Assuming our CRM system keeps basic demographics we may determine that Tom:
- Purchased 6 cans – we could potentially use contextual datasets to determine Tom’s property size and calculate the likely number of cans of paint based on existing formulas.
- His house is more than 10 years old – probably few would repaint a new house.
- He last painted his house 5 years ago – maybe we keep a history of paint purchases, or maybe we process street imagery through a model which detects changes in house color (maybe an extreme hypothetical).
- Within 3 miles of the store – public data sets, calculated driving distances between addresses
- He owns the house – contextual data sets or requested demographic data
Feeding these contextual features into a machine learning model along with our proprietary data we may learn the relationships that gives us a model to predict if a customer is in the market for paint. Not all features necessarily would be relevant to our model however if we get the right mix then we may be able to product with high levels of confidence. This would allow us to invest appropriately in direct marketing and offers and an appropriate time to maximise our return.
While this is a simple and perhaps silly example it should start to demonstrate the point of how analysis can be greatly improved through the introduction of context from the use of open and public datasets. However there are some challenges in doing this which need to be addressed which include:
- There is a lot of great data freely available in open data sets.
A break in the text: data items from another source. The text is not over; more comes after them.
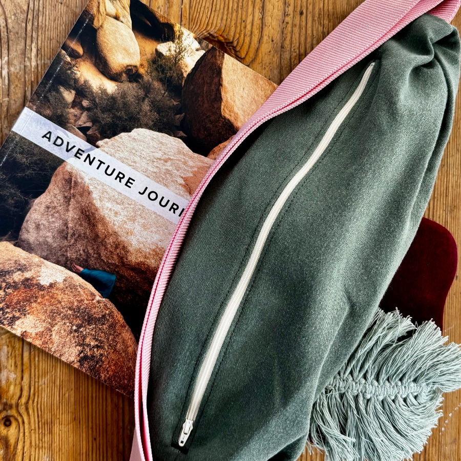 This little upcycled beauty is designed to carry your essentials: keys, cards, and whatever else that gets you through the day in an easy over the shoulder cross body.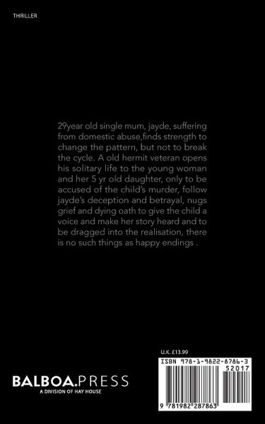 29year old single mum, jayde, suffering from domestic abuse,finds strength to change the pattern, but not to break the cycle. A old hermit veteran opens his solitary life to the young woman and her 5 yr old daughter, only to be accused of the child's murder, follow jayde's deception and betrayal, nugs grief and dying oath to give the child a voice and make her story heard and to be dragged into the realisation, there is no such things as happy endings .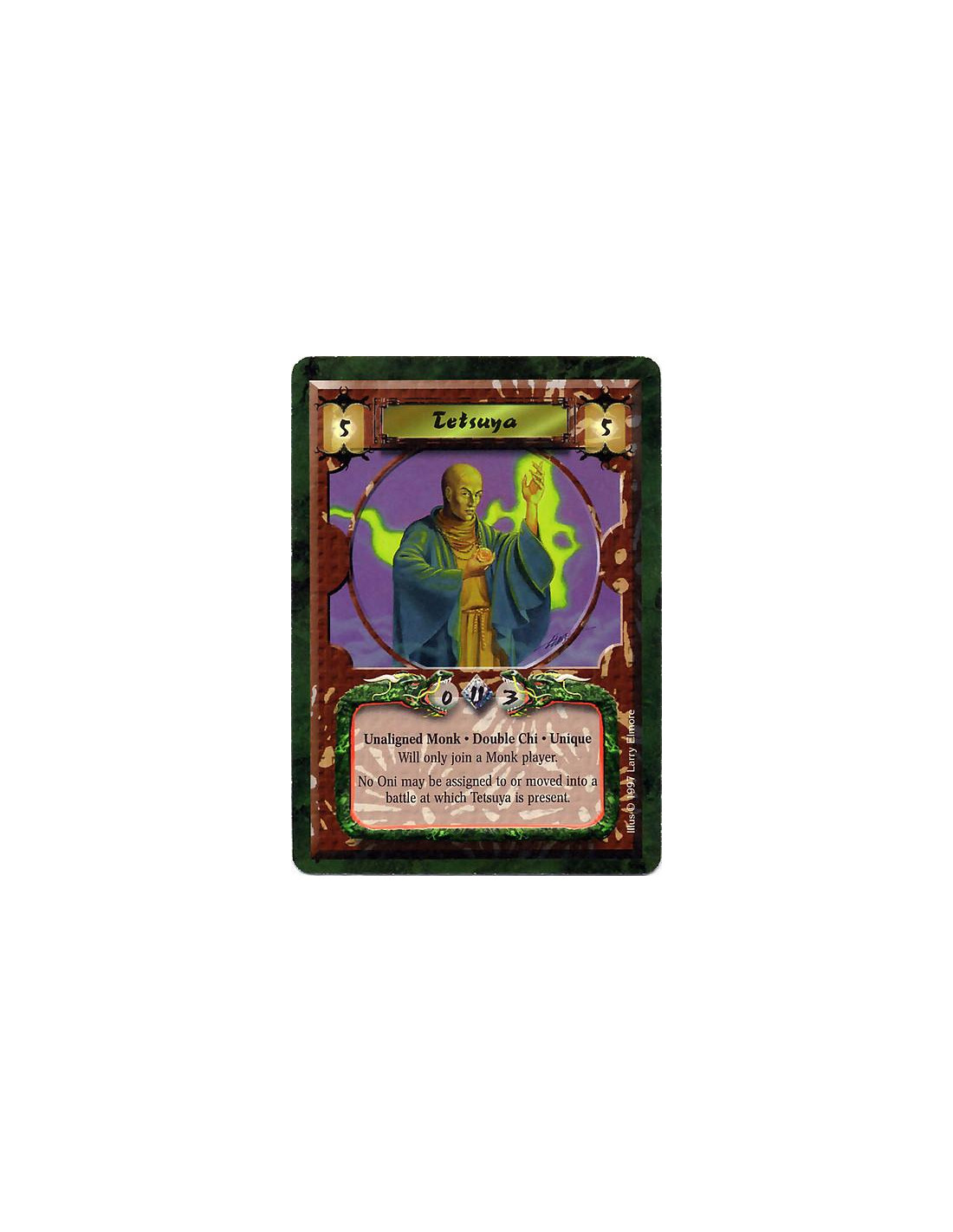 Unaligned Monk. Double Chi. Unique Will only join a Monk player. No Oni may be assigned to or moved into a battle at which Tetsuya is present.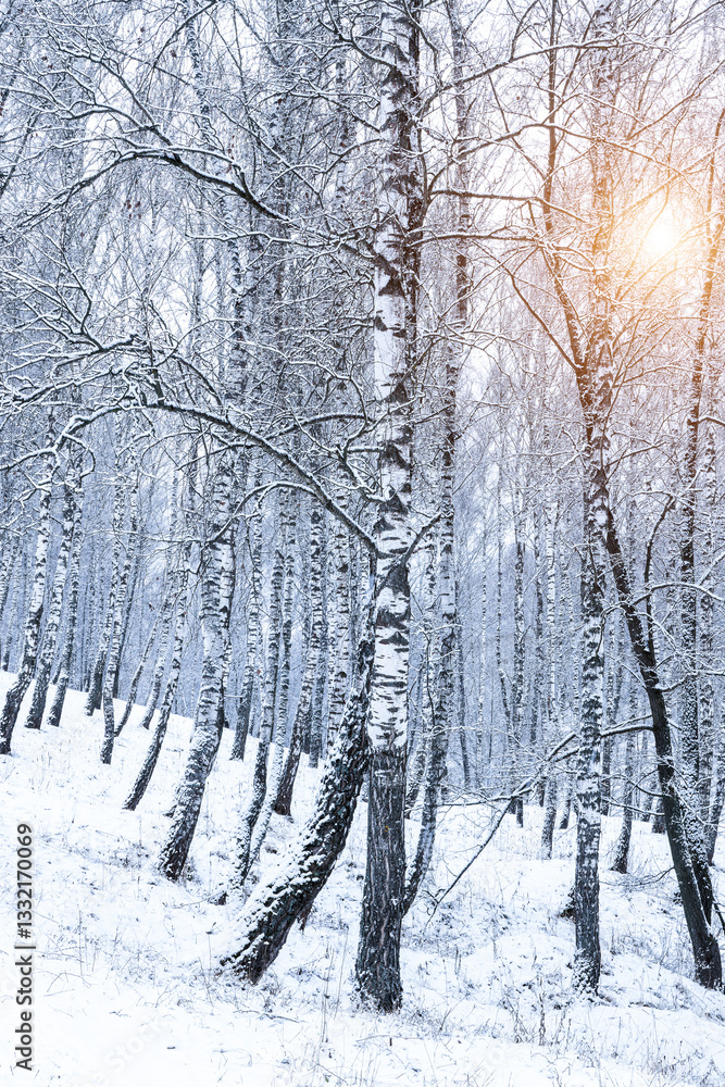 Birch grove after a snowfall on a winter. Sunlight breaking through the branches.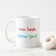 "dear Santa, define "good"" Funny, humour, fun colourful script typography, Santa quote / joke, custom, christmas holiday home office tea / coffee / cocoa mug. Makes a fun Christmas holiday gift for family and friends.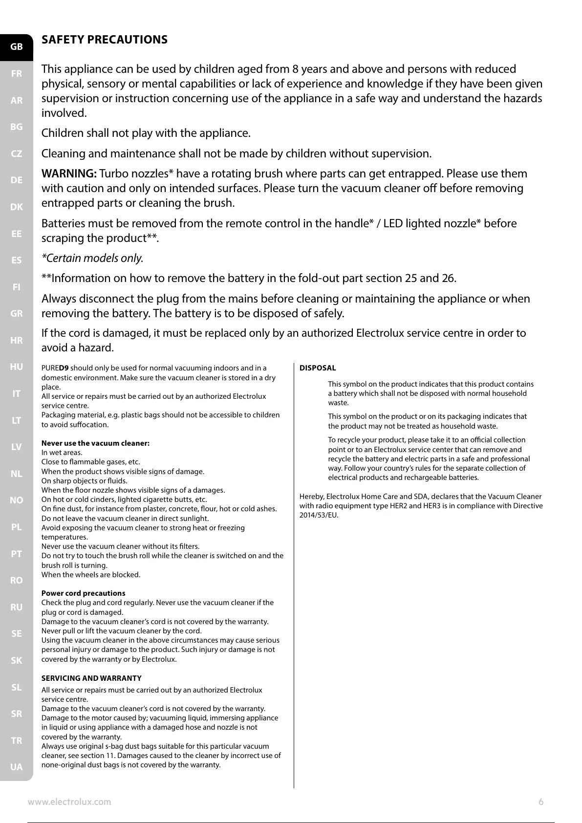 Hereby, Electrolux Home Care and SDA, declares that the Vacuum Cleaner

However, many open data sets are currently orientated towards human consumption. That is, they tend to be presented in aggregate form with skewed towards some analysis formed by the publisher. Publishers of open datasets need to understand that quite probably it will never be a human consuming their data directly in the future, instead it will be a computer for which raw data is more useful.
- Open data sets are not catalogued. There are various sites that try and list open data repositories but none I have seen are doing this very well. You can currently spend a lot of time trying to find good sources of open data.
- Data integration still continues to be highly time consuming. Combining continues to this day to be one of the most time consuming tasks of any data professional and despite the ETL tools on the market some of the fundamental issues have not been solved. Open data needs to be more self-describing in ways that allow machines to integrate and the poor human can focus on better things.
* example of pre-analysed summary data. Suitable for human consumption but less so for machine consumption (the more likely consumer in the future).
Hopefully this summary helps to explain why context is so important to data and our ability to leverage it for making useful prediction. While this is an overly simple example, the key point is that to accurate prediction useful relationships have to exist.